Conus jourdani
- Conservation status: Data Deficient (IUCN 3.1)

Scientific classification
- Kingdom: Animalia
- Phylum: Mollusca
- Class: Gastropoda
- Subclass: Caenogastropoda
- Order: Neogastropoda
- Superfamily: Conoidea
- Family: Conidae
- Genus: Conus
- Species: C. jourdani
- Binomial name: Conus jourdani da Motta, 1984
- Synonyms: Conus (Lautoconus) jourdani da Motta, 1984 · accepted, alternate representation; Varioconus jourdani (da Motta, 1984);

= Conus jourdani =

- Authority: da Motta, 1984
- Conservation status: DD
- Synonyms: Conus (Lautoconus) jourdani da Motta, 1984 · accepted, alternate representation, Varioconus jourdani (da Motta, 1984)

Species of sea snail

Conus jourdani is a species of sea snail, a marine gastropod mollusk in the family Conidae, the cone snails and their allies.

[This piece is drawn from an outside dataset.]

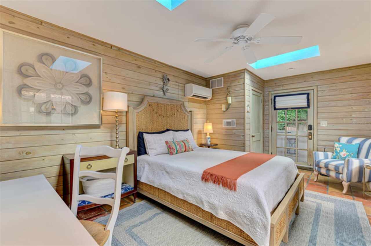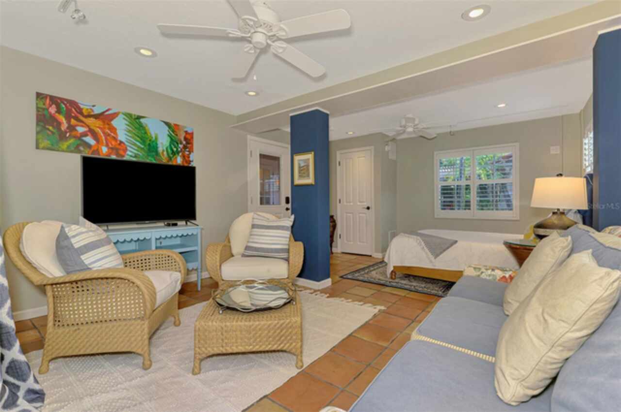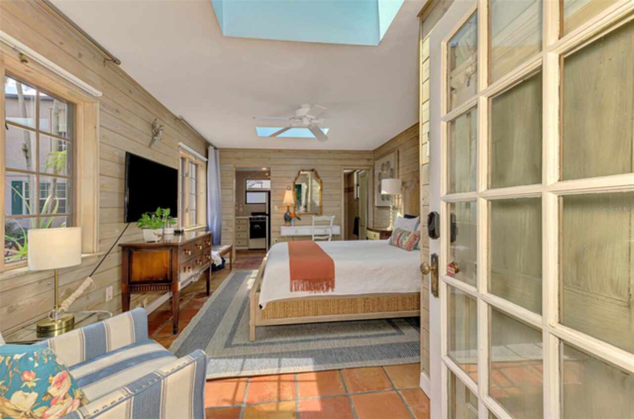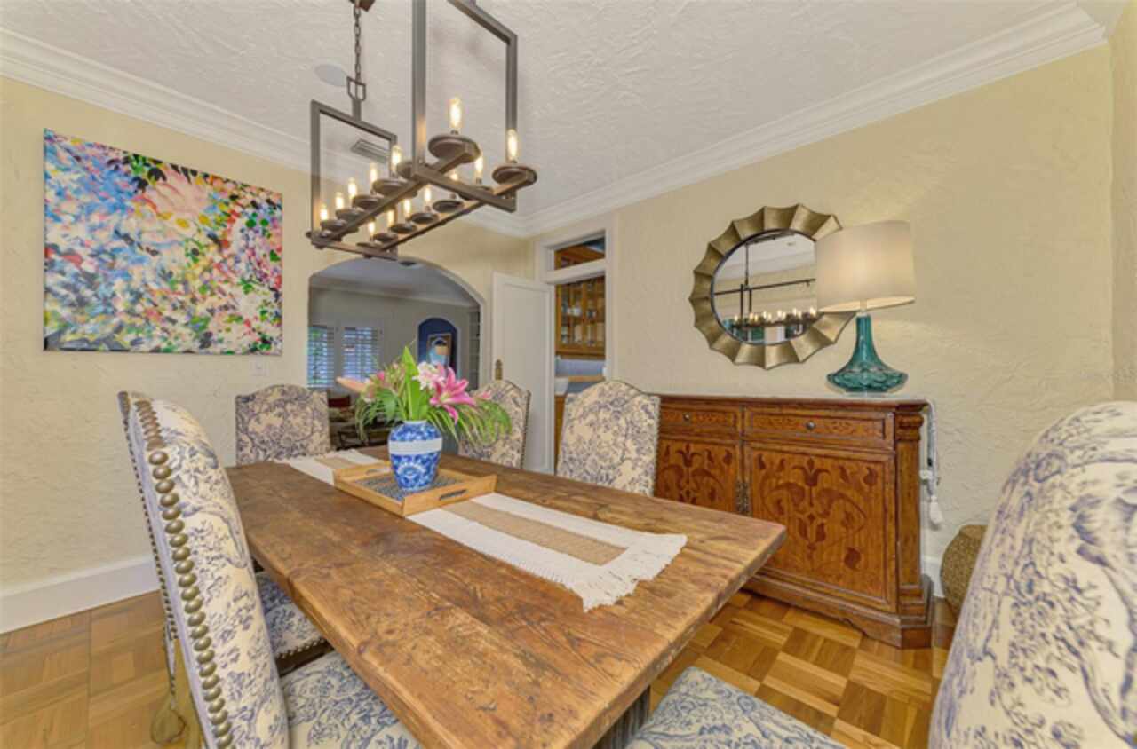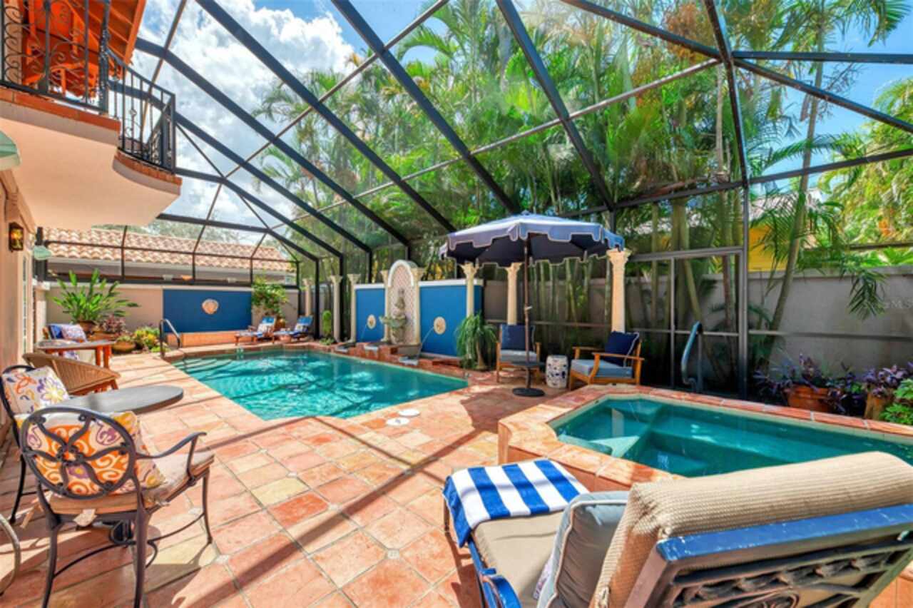Welcome to Casa de Flores, a one-of-a-kind, Spanish Revival estate nestled in the coveted, west of the trail, Granada neighborhood. Built in the 1920s, this beautifully restored residence includes a main home with two bedrooms and two baths, plus two separate guest cottages. The pool house cottage offers two-story living with a private balcony overlooking the pool courtyard, evoking the charm of a secluded European inn—perfect for quiet mornings or relaxing evenings. The first level features a bedroom, and convenient laundry access. Upstairs, a bedroom and a full-service kitchen with dining area. The second guest cottage includes a bedroom, full bath, kitchenette, and a comfortable sitting area with views of the courtyard. These detached spaces are ideal for hosting in-laws, college or guests, and also work beautifully as a private home office, art studio, or creative retreat. At the heart of the main house is a thoughtfully updated chef’s kitchen with a 6-burner Dacor gas stove, double ovens, Sub-Zero refrigerator, and beautiful tile accents—designed to inspire culinary creativity. The home also offers a formal dining room, a comfortable family room, and a welcoming front living room. The primary bedroom is large enough for a king-sized bed, includes a walk-in closet, and has a separate sitting area or reading nook, currently adorned with a daybed. Architectural details such as a hand-carved wood door, a charming clawfoot bathtub, original parquet and tile floors, arched doorways, textured plaster walls, and built-in bookcases all contribute to the home’s Spanish Mediterranean character, blending old-world warmth with modern comfort. Outdoors, a charming front patio sets the tone for relaxed Florida living, while the private walled courtyard is a resort-like retreat with a heated pool and spa, lush tropical landscaping, and a trellis ideal for shaded dining. Ample parking ensures effortless hosting for family and friends. Roofs were replaced in 2021, and additional features such as a whole-house generator and hurricane shutters provide peace of mind for year-round living or seasonal enjoyment. Whether you envision a forever home, multi-generational compound, flexible live/work setup, or a high-performing Airbnb, Casa de Flores offers unmatched character and lifestyle versatility. With its prime location just minutes from world-renowned Siesta Key Beach and the charming boutiques and dining spots of Southside Village, you’ll enjoy the best of Sarasota’s coastal living. Experience the magic for yourself—take a personal tour today by enjoying the walk-through video - https://vimeo.com/1110461692

Like all species within the genus Conus, these snails are predatory and venomous. They are capable of stinging humans, therefore live ones should be handled carefully or not at all.

==Distribution==
This species occurs in the Atlantic Ocean off St. Helena. The minimum recorded depth is 0 m. Maximum recorded depth is 0 m.

== Description ==
The maximum recorded shell length is 30.2 mm. The shell is moderately small, solid, compact, broad, and ventricosly conical shell. The sides of the last whorl are straight and convex below the shoulder, which is rounded. The spire is moderately elevated with a straight profile. The surface of the last whorl is smooth above the base. The spiral whorls are usually convex, covered with very fine arcuate radial hairlines. Cords are absent while the protoconch is assumed to be paucispiral. The colour of the shell is bluish-white with a variable number of patterned zones below the shoulder. The spire whorls usually exhibit brown or orange-brown blotches. The aperture is purplish-white in the inside, with the internal margin of the lip stained purple interrupted by two narrow white bands, one at the shoulder and the other at the lower third. The periostracum is pale yellow and translucent. The opurculum is small and elongated typical of a varioconus.